_WORK ORDER_
Print the lines below from the line with "Clean lines and" to the line with "ORIENTAL DEMILUNE DISPLAY" exactly, keeping both ends, and print no pictures.

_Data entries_
======
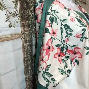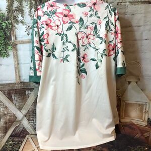 Beautiful green/pink and white Tunic top with short sleeves and silk green outline.
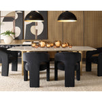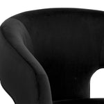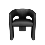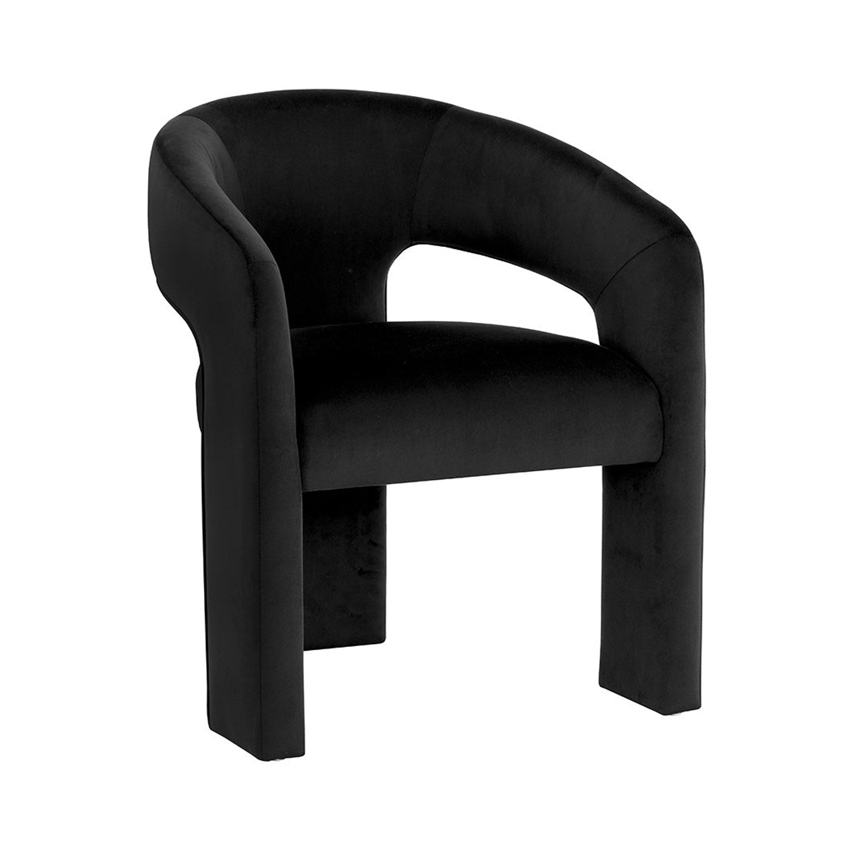 Clean lines and contoured arches add style and structure to this contemporary dining chair. Features a curved backrest and open back for optimal comfort. Eye-catching from all angles. Fully upholstered in our abbington black fabric.
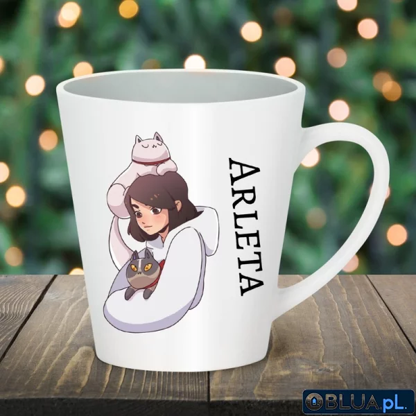 Kubek do latte z nadrukiem dla miłośników kotów i indywidualnym imieniem, to świetny pomysł na prezent na Mikołajki lub Święta dla przyjaciółki, siostry, męża, brata itp.
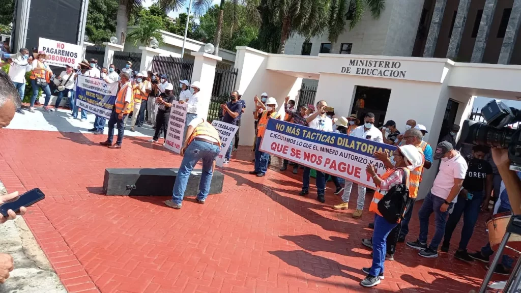 Los ingenieros están apostados frente a la sede el Minerd desde tempranas horas de la mañana de hoy, portando carteles que sostienen sus demandas dirigidas al presidente de la República, Luis Abinader y al ministro Roberto Fulcar.
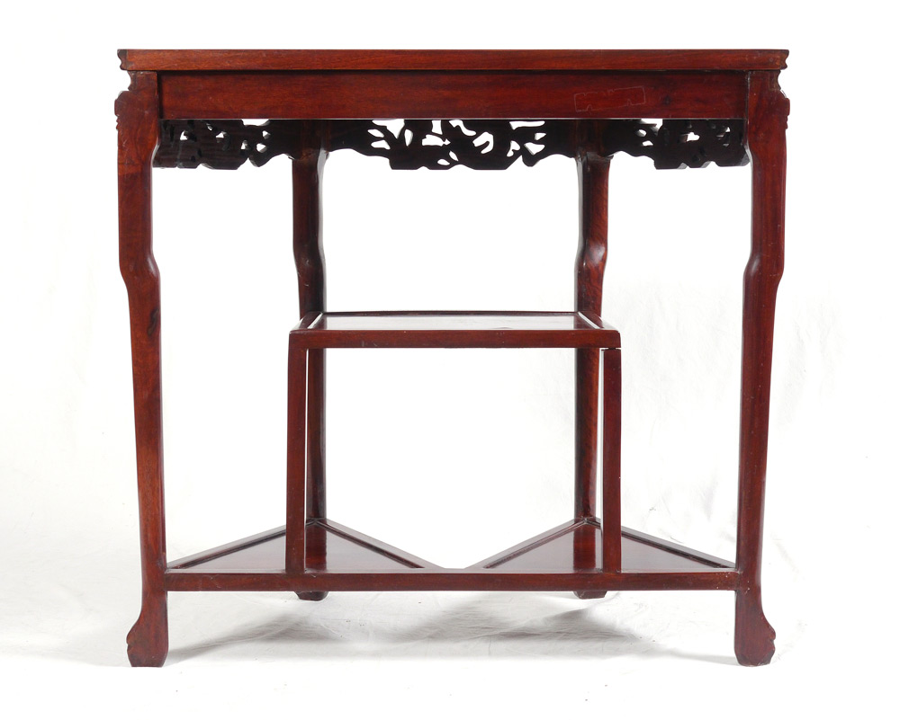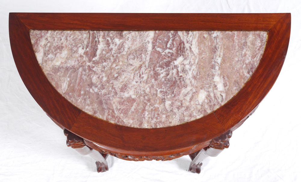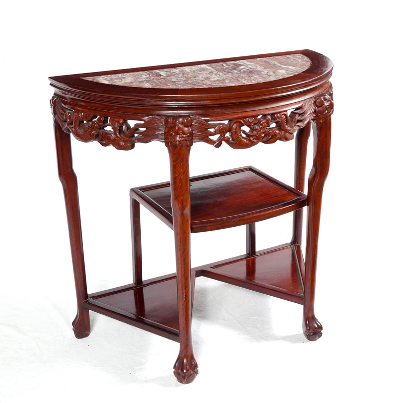 ORIENTAL DEMILUNE DISPLAY STAND / HALL TABLE: Demilune top with insert marble, carved and pierced apron, shaped legs ending in paw feet supporting 3 display shelves. 31 1/2'' h. x 33 1/4'' x 17''.
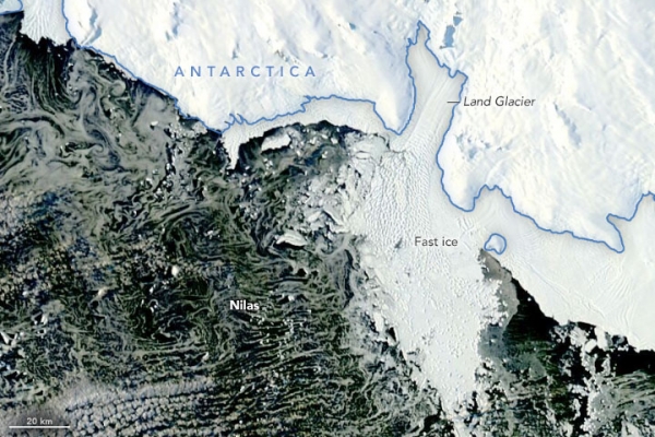 Michael Lowe, an analyst at the U.S. National Ice Center who pointed out the changes, has been closely watching this part of the Antarctic coastline, known as Marie Byrd Land. “I've had my eye on that area over the past two months as a large area of very old fast ice began to break apart,” Lowe said. “When comparing two SAR images from consecutive days I saw that the tip of the Land Glacier was starting to break up.”
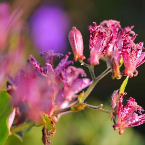 ❝ 夕陽を浴びる ホトトギス ❞ ❛ 背景にあるブルーは数がかなり少なくなっていますが、まだ咲き続ける桔梗の花です ❜ こんにちは! コロナウィルス感染、気を緩めずに!。。。ですね! ホトトギスがたくさん咲いています。写真はその一部です。 昨年、ユーザーの ゴンゴンさん から詳しい名称を教えて頂いたのですが、すぐには出て来ません・・・。 生憎、直接に陽が当たらない時間帯の撮影でしたが、補助光にレフ板を使って間接的な自然光を当てています。 短い時間ながら、撮影設定で工夫を試みています。 撮影日:2020年10月21日 午後 焦点距離400mm(=実効)のテレマクロ撮影
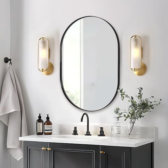 - ELEGANT DESIGN FOR NARROW SPACES: Our 24x32 inch oval black mirror is perfect for limited spaces thanks to its sleek and simple silhouette. Its matte black frame and HD Glass adds a touch of luxury to any room
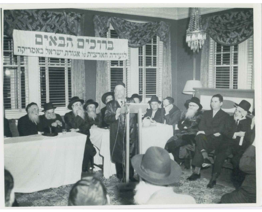 17. נואם בועידה הארצית של אגו"י באמעריקא - נראים; ר"מ חודרוב, האדמורים רנ"מ מנאוואמינסק ורמ"ש מבאיאן, הגר"א קאטלער והגר"מ פיינשטיין:
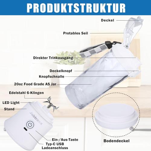 Ongeopend,Jabtraxx Draagbare 600 ml blender, mini-smoothiemixer, oplaadbaar, USB, sterke snijkracht met 6 ultrascherpe messen, wit, B0C4H8Y634
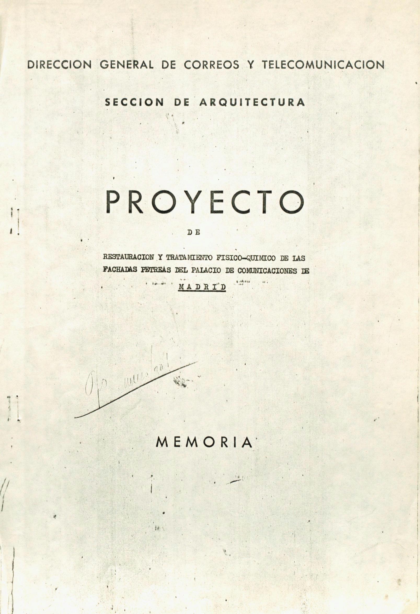 Informe de conservación y de tratamiento físico-químico de las fachadas pétreas del Palacio de Comunicaciones de Madrid
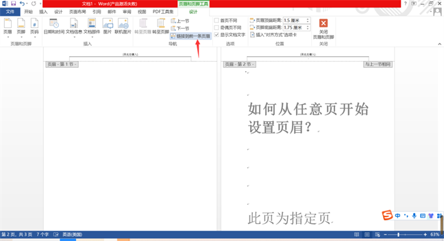 ✿ 把鼠标光标设在指定页的页眉处,点击取消链接到前一条页眉的设置。
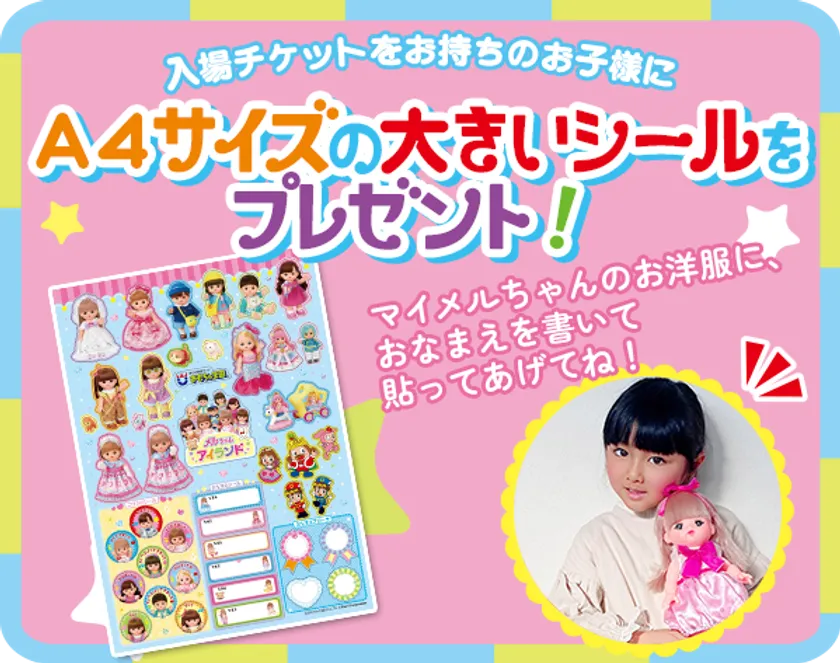 入場チケットをお持ちのお子様には、メルちゃんのA4サイズの大きいシールをプレゼントします。
======
_OUTPUT FOR THIS TASK_
 Clean lines and contoured arches add style and structure to this contemporary dining chair. Features a curved backrest and open back for optimal comfort. Eye-catching from all angles. Fully upholstered in our abbington black fabric.
 Kubek do latte z nadrukiem dla miłośników kotów i indywidualnym imieniem, to świetny pomysł na prezent na Mikołajki lub Święta dla przyjaciółki, siostry, męża, brata itp.
 Los ingenieros están apostados frente a la sede el Minerd desde tempranas horas de la mañana de hoy, portando carteles que sostienen sus demandas dirigidas al presidente de la República, Luis Abinader y al ministro Roberto Fulcar.
 ORIENTAL DEMILUNE DISPLAY STAND / HALL TABLE: Demilune top with insert marble, carved and pierced apron, shaped legs ending in paw feet supporting 3 display shelves. 31 1/2'' h. x 33 1/4'' x 17''.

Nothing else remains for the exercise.